Open cranhandler opened 6 years ago

cranhandler commented 6 years ago

In order to finish https://github.com/contradb/contra/issues/249 , we need to lay out and agree upon some ethics. Chet's response to earlier questions, and our urging him to make his private dances public, left an impression on me. I'm inspired by https://www.cambridgefolk.org.uk/contra/dances/ethics.html . Here's a first crack at how I would define our ethics---and I hope we can talk with other active users so the community ideals can surface.

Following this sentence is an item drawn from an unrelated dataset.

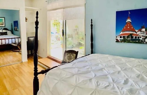 20 minutes to the beach. Hiking across street. 1/2 mile to trolly. Beautiful neighborhood. Private patio. Quiet. Lovely room.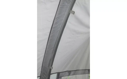 Für eine gute Belüftung sind Dauerbelüftungen an der Vorderwand sowie Moskitogaze an der Vordertür und an den seitlichen Fenstern integriert. Das Teilvorzelt verfügt zudem über einen zusätzlichen Seiteneingang auf der rechten Seite. Die Höhe im Zelt beträgt 243 cm, was ein angenehmes Raumgefühl schafft und ausreichend Platz für Komfort bietet.

cranhandler commented 6 years ago

We believe that when contra dances can be easily searched and easily discovered,

  1. choreographers benefit by their dances reaching the widest possible audience
  2. callers benefit by tailoring their program to their crowd
  3. individual dancers benefit by dancing delightful dances
  4. dancing at large benefits by having maximally engaging evenings and by having an open-source participatory resource,

and that there are many moving parts within the contra community. The rights of choreographers and of users to their content need to be respected. Our current understandings of choreographer consent, public vs private dances, and user contact are outlined below. If our current understandings don't match yours, let us know.

========= choreographer consent

We respect the rights of choreographers to their intellectual property. Before entering a dance, check the choreographers catalog to see whether they've given unlimited publishing consent. If nothing is marked, and if you're able, reach out to ask permission. (If you receive unlimited consent, let adminisaur know so the catalog can be updated.)

If you're unable, my 'operating principle' thus far has been -if the dance is published online, or has been shared via Shared Weight or facebook without a 'please don't copy' note, the dance may be published to ContraDB. -if the dance is published in a collection available for purchase, an individual user may enter the dance for personal use, but must mark it "private" so that it is not publicly available and sales of published works are not impacted. To find out whether a dance has been published, I check Michael Dyck's Contradance Index. If it has, I've always been able to find the book at the CDSS Store.

We hope to enable, at choreographers' option, links from a choreographer's page to a donation or microdonation link, see 292.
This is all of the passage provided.